Hi,
I’m using the --default-stream per-thread compilation flag with multiple threads then using cudaStreamSynchronize(cudaStreamPerThread) to synchronize the appropriate stream.
It seems that the code hangs. Using gdb it seems the threads are all on cudaStreamSynchronize.
Anyone has an idea? is this a bug in this configuration?
Hi Robert,
Thanks for the answer. I was indeed unable to reproduce the issue with the code you’ve sent.

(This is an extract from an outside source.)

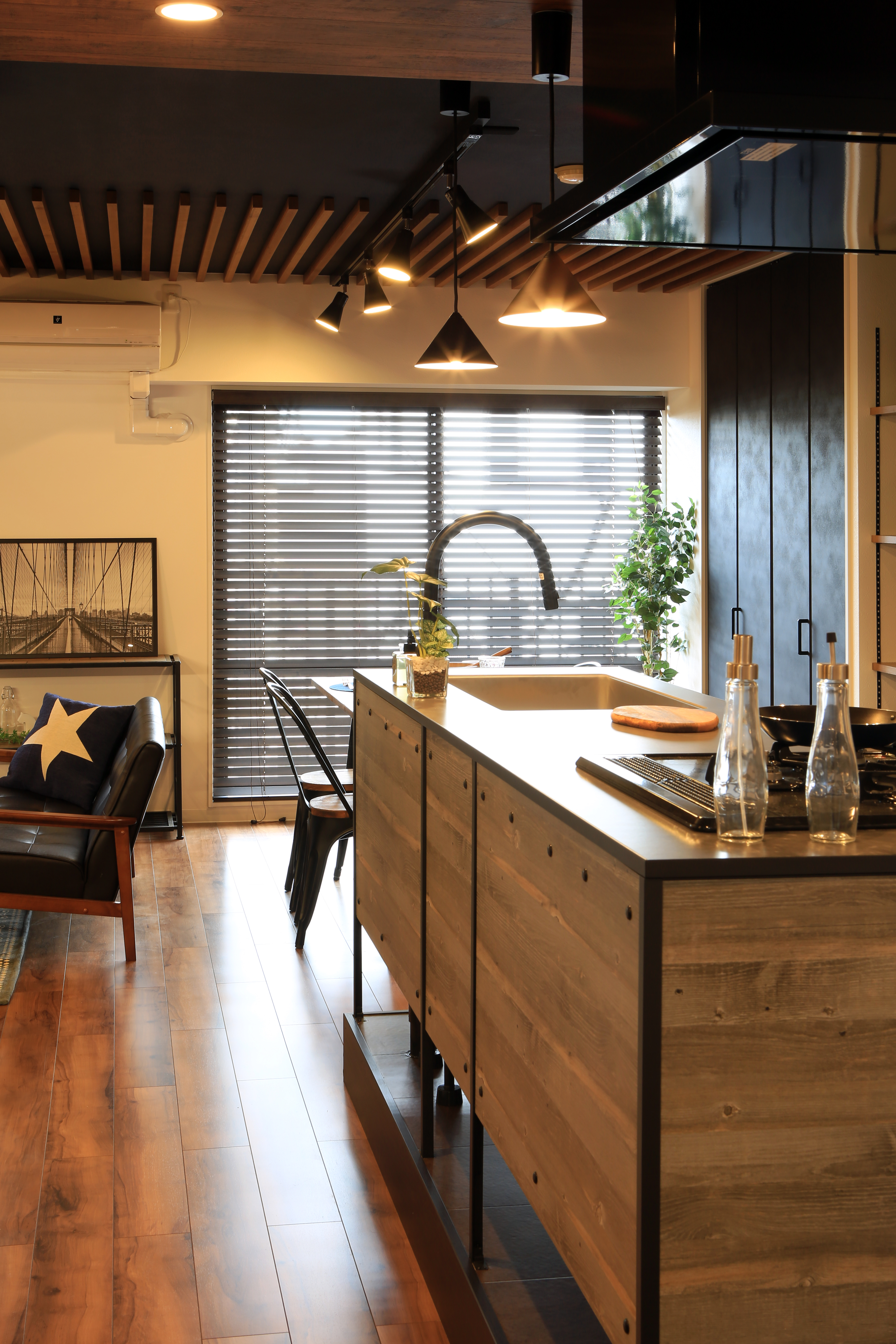木とブラックアイアンのキッチンリノベ
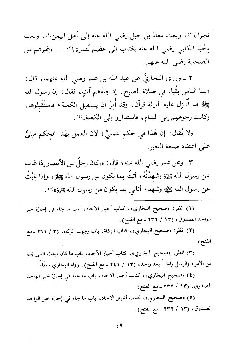 (¬٥) "صحيح البخاريّ"، كتاب أخبار اللآحاد، باب ما جاء في إجازة خبر الواحد الصدوق، (١٣/ ٢٣٢ - مع الفتح).

However I think I’ve found the root cause. Inside the thread function I was calling the nvtxXXX functions that NVIDIA provides. I was using it as defined in the documentation and here:
It seems that what caused the issue was that the parameter that is being passed to the nvtxRangePushEx function by reference, seems to have gone out of scope too soon.
I was not yet able to reproduce it with the code you’ve sent - will try later this week. However creating the nvtxEventAttributes_t variable that was passed to the nvtxRangePushEx on the stack and making sure it will not go out of scope prior to the pop operation + cudaStreamSynchronize(cudaStreamPerThread) calls has completed, cleared the lock down.
So I guess I’m now wondering about two things:
Could it be that if there’s a corruption of the nvtxEventAttribute_t parameter the cudaStreamSynchronize locks? why?
Why does all the profile function take the parameters (for example the nvtxEventAttribute_t to nvtxPushRangeEx) by reference and not by value?